Beim Modellpreis für Wohnbauland geht es ähnlich weiter. Der Kanton hält fest: «Die Modellpreise sind eine Schätzung für das mittlere Preisniveau in einer Gemeinde.» Und: «Die letzten drei Datenpunkte sind provisorisch.» Die ganze Zeitreihe wird jährlich rückwirkend neu berechnet. Ein Wert, den Sie heute lesen, kann in einem Jahr anders lauten. Das liegt dann am Modell, das nachgerechnet hat. Die Richtung nennt der Kanton gleich mit: «In der Regel werden die Preise noch nach oben angepasst.» (Nebenbei: Das ist ein Bodenwert, kein Liegenschaftswert. Multiplizieren Sie ihn bitte nicht mit Ihrer Parzellenfläche.)

Zwischenfazit: Wenn schon die amtlichen Modelle so deutlich auf ihre eigenen Grenzen hinweisen, sollte ein kommerzieller Rechner, der Ihnen eine glatte Zahl ohne Vorbehalt zeigt, eher misstrauisch machen als beruhigen.

Angebotspreis oder Handänderung: womit rechnet das Modell?

Rechnet das Modell mit Angebotspreisen oder mit tatsächlich bezahlten Preisen? Das macht einen grossen Unterschied.

Ein Angebotspreis ist das, was jemand auf einem Portal verlangt. Ob die Liegenschaft je zu diesem Preis den Eigentümer gewechselt hat, ob sie lange stand und am Ende tiefer wegging — das steht in dieser Zahl nicht drin. Ein registrierter Preis dagegen ist das Ergebnis einer abgeschlossenen Handänderung.

Der Kanton Zürich ist da eindeutig. Auf der Fachseite steht: «Datengrundlage sind die auf dem Grundbuchamt registrierten Preise». Also keine Inserate, sondern das, was beurkundet und im Grundbuch eingetragen wurde.

Angebotspreis Registrierte Handänderung
Zeigt was jemand verlangt was bezahlt wurde
Entsteht beim Aufschalten des Inserats mit dem Eintrag im Grundbuch
Blinder Fleck ob je jemand zugegriffen hat die letzten Wochen, weil die Registrierung nachläuft

Der zweite blinde Fleck erklärt zugleich, warum jedes Modell ein Stück weit rückwärts schaut. Zwischen Preisverhandlung, öffentlicher Beurkundung und Eintrag im Grundbuch vergehen Wochen. Der Wohnimmobilienpreisindex des BFS erscheint quartalsweise, und beim kantonalen Bodenpreismodell sind die letzten drei Datenpunkte ausdrücklich provisorisch.
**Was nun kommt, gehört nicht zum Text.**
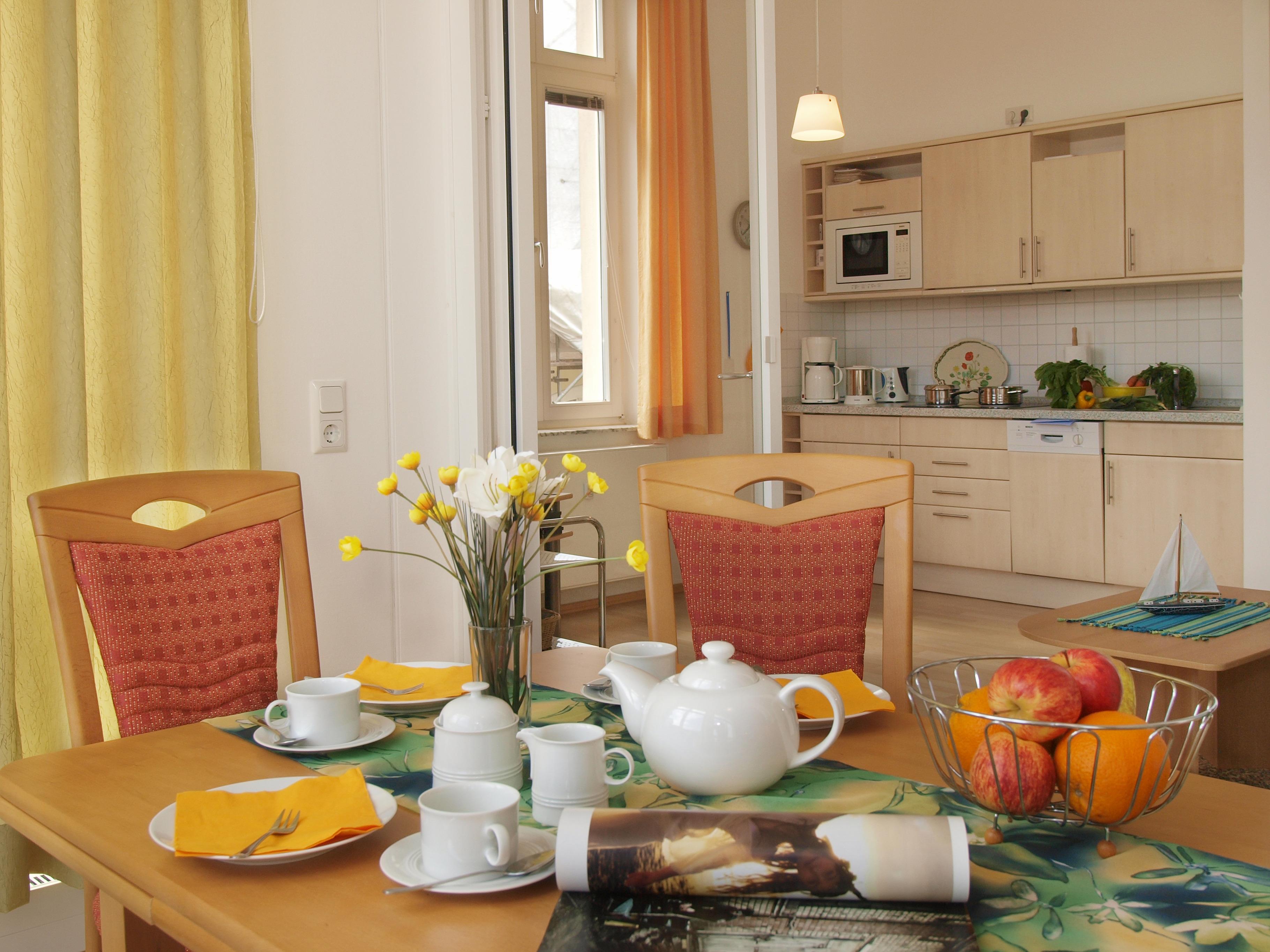 Dieses 58 qm große 2-Zimmer-Appartement befindet sich im 1. Obergeschoss und eignet sich für 2-3 Personen. Der großzügige Wohnraum in östlicher Ausrichtung beherbergt eine gemütliche Sitzgruppe mit Schlaffunktion (Liegefläche 150 x 200). Ein Flat-TV ist selbstverständlich. In der lichtdurchfluteten, geschlossenen Loggia (Fenster lassen sich öffnen) mit östlicher Ausrichtung lädt ein Essplatz zu gemeinsamen Mahlzeiten ein. Die Einbauküche inkl. Cerankochfeld, Geschirrspüler, Kühlschrank, Mikrowelle etc. ist offen im Wohnraum integriert. Das Schlafzimmer, ist mit einem Doppelbett mit getrennten Matratzen (90 x 200) sowie genügend Schrankraum eingerichtet. Das Bad ist mit Dusche und Waschbecken/WC ausgestattet. Ein Pkw-Stellplatz befindet sich auf dem Grundstück und ist der Wohnung zugeordnet. Waschmaschine, Trockner und Fahrradabstellraum finden Sie im Keller.

Bewegt sich der Markt in dieser Zeit, ist das in den Zahlen noch nicht enthalten.

Aus unserer Sicht ist das die eine Frage, die Sie einem Onlinerechner stellen sollten, bevor Sie seiner Zahl irgendetwas glauben. Wir haben die Antwort bei mehreren Anbietern in den Erläuterungen gefunden, wenn auch gut versteckt. Wenn Sie sie nirgends finden, würden wir bei dieser Zahl vorsichtig bleiben.

Diese Frage müssen wir uns auch selbst stellen. Das kostenlose Bewertungstool, das wir auf unserer Website verlinken, stammt von einem externen Anbieter; welche Datengrundlage es im Einzelnen verwendet, können wir Ihnen nicht aus erster Hand sagen. Deshalb behandeln wir seinen Wert wie jeden anderen Onlinewert, auch wenn er auf unserer eigenen Seite steht.
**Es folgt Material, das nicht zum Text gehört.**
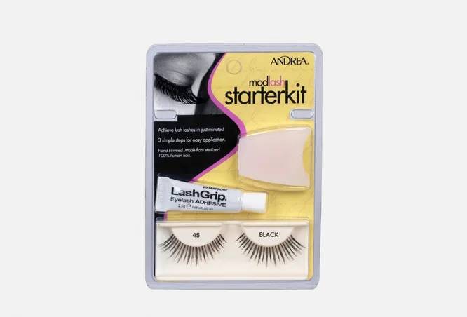Американский косметический бренд ANDREA предлагает целый набор для тех, кто впервые решил самостоятельно заняться наращиванием ресниц. В нем есть не только клей для наращивания ресниц без испарений, но и сами ресницы с пинцетом и удалителем.

Und selbst wenn die Datengrundlage stimmt, weiss das Modell noch immer nichts über Ihre Liegenschaft selbst.

Was ein Rechner über Ihre Liegenschaft nicht wissen kann

Jetzt zum Kern. Eine Online-Bewertung kennt die Eckdaten Ihrer Liegenschaft. Sie kennt aber weder den Zustand Ihrer Küche noch die Aussicht von Ihrem Balkon oder besondere Belastungen im Grundbuch.

Das klingt banal, bis man es an konkreten Fällen durchgeht.

Nehmen Sie zwei Wohnungen, im selben Jahr gebaut, dieselbe Fläche, dieselbe Gemeinde. In der einen ist die Küche von 1998, in der anderen wurde vor zwei Jahren alles ersetzt. Für das Modell sind beide identisch, sofern das Formular überhaupt nach dem Zustand gefragt hat. Und wo danach gefragt wird, sehen wir meist eine grobe Auswahl: gut, mittel, renovationsbedürftig.

Dahinter steckt ein Mechanismus, der jedes statistische Modell betrifft: Es zieht zum Durchschnitt, weil es für alles, was es nicht abgefragt hat, zwangsläufig den Gruppendurchschnitt einsetzt. Was besser ist als der Schnitt seiner Vergleichsgruppe, wird tendenziell zu tief geschätzt, was schlechter ist, zu hoch. Die frisch sanierte Wohnung kommt deshalb zu günstig heraus. Bei der Wohnung mit der Küche von 1998 ist es umgekehrt.

Im Zürcher Oberland trifft das regelmässig dieselben Objekttypen: das umgebaute Ökonomiegebäude, das Haus am Hang mit Zufahrt über fremdes Land, die Liegenschaft im Baurecht. Für solche Objekte findet ein Modell in der eigenen Gemeinde oft gar keine Vergleichsgruppe.

Dann die Lage im Kleinen: Hangseite oder Schattenlage, Blick übers Tal oder auf die Kantonsstrasse. Solche Unterschiede liegen innerhalb derselben Gemeinde, manchmal innerhalb derselben Strasse.

Und dann die Papiere. Ein Wegrecht über Ihre Parzelle oder eine Baurechtsdienstbarkeit: Ein Modell sieht davon nichts, weil in Ihrem Eingabeformular kein Feld dafür existiert. Was in diesen Unterlagen steht und woher Sie sie im Zürcher Oberland bekommen, haben wir separat zusammengetragen: welche Unterlagen eine Bewertung belastbar machen.

Zwei Sonderfälle kommen dazu, und beide betreffen uns fachlich unmittelbar:

  • Beim Stockwerkeigentum zählen der Erneuerungsfonds und die an der letzten Versammlung beschlossene Fassadensanierung. Weil wir selbst Stockwerkeigentum verwalten, wissen wir, worauf es in diesen Unterlagen ankommt und wie relevant solche Beschlüsse für eine einzelne Einheit sind; davon weiss ein Rechner nichts.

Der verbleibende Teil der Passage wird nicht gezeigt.